■ Exercise directions
Output the data word for word, dropping every image.

■ Dataset extract

::::::

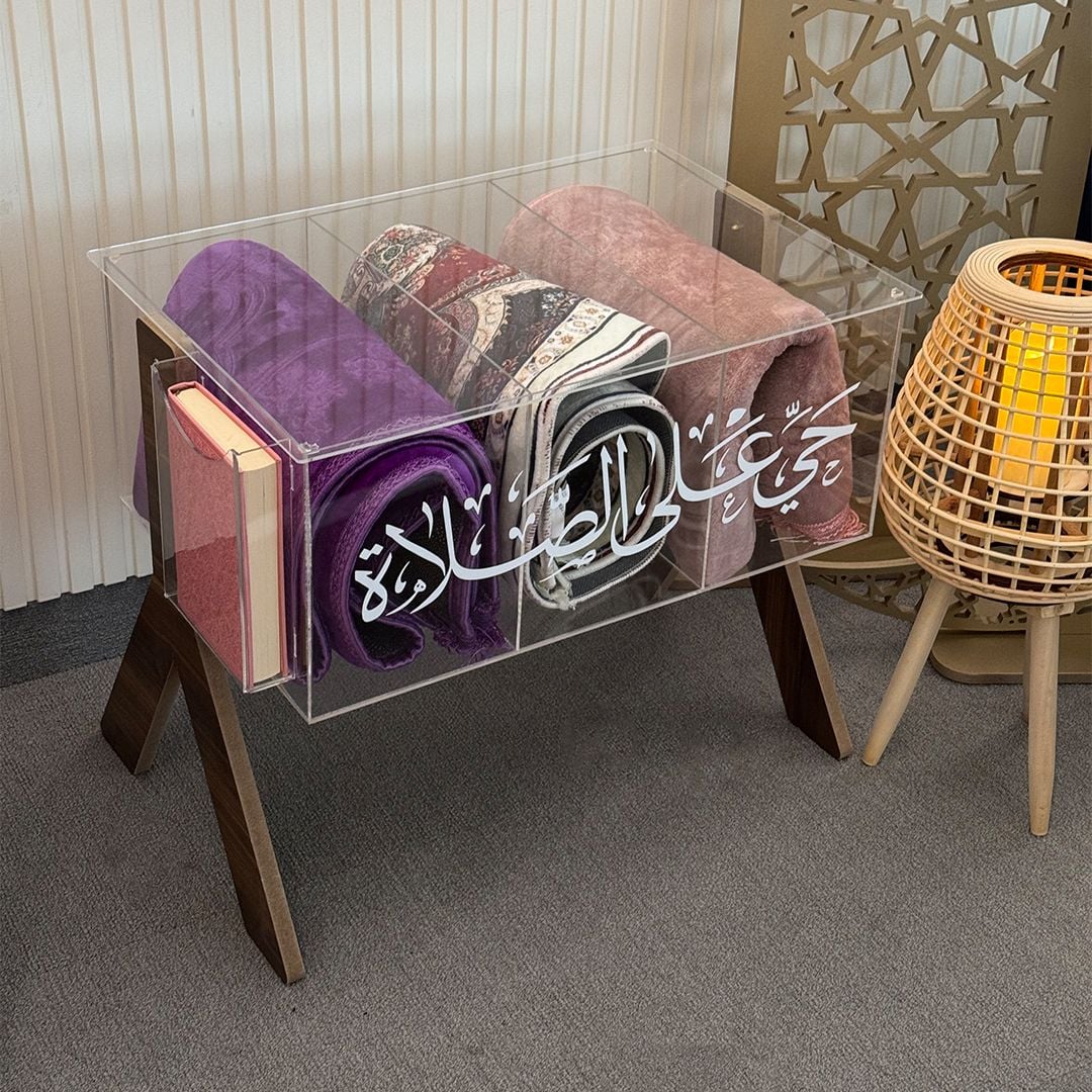 صندوق أكريليك عالي النقاء والشفافية يمنح محتوياته عرضًا أنيقًا أشبه بواجهة فنية روحانية، مع حماية كاملة من الغبار والعوامل الخارجية. المصحف ومستلزمات الصلاة تبقى محفوظة، مرتّبة، ونظيفة دائمًا، في مشهد يجمع بين القدسية والجمال.
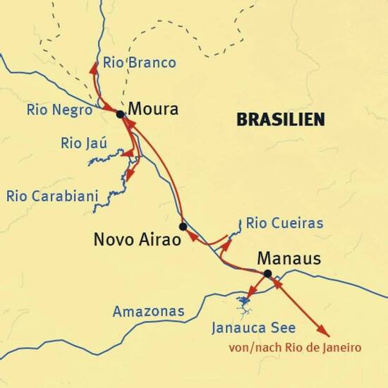 - sechstägige Bootsfahrt auf dem Amazonas und Rio Negro
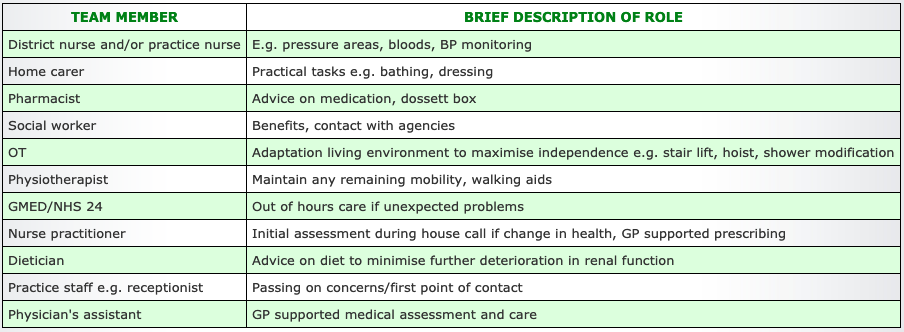 Several members of the multi-professional team are involved in Jean’s care. List five team members other than the GP and give a brief description of their role in relation to Jean’s care.

::::::

■ Finished task
 صندوق أكريليك عالي النقاء والشفافية يمنح محتوياته عرضًا أنيقًا أشبه بواجهة فنية روحانية، مع حماية كاملة من الغبار والعوامل الخارجية. المصحف ومستلزمات الصلاة تبقى محفوظة، مرتّبة، ونظيفة دائمًا، في مشهد يجمع بين القدسية والجمال.
 - sechstägige Bootsfahrt auf dem Amazonas und Rio Negro
 Several members of the multi-professional team are involved in Jean’s care. List five team members other than the GP and give a brief description of their role in relation to Jean’s care.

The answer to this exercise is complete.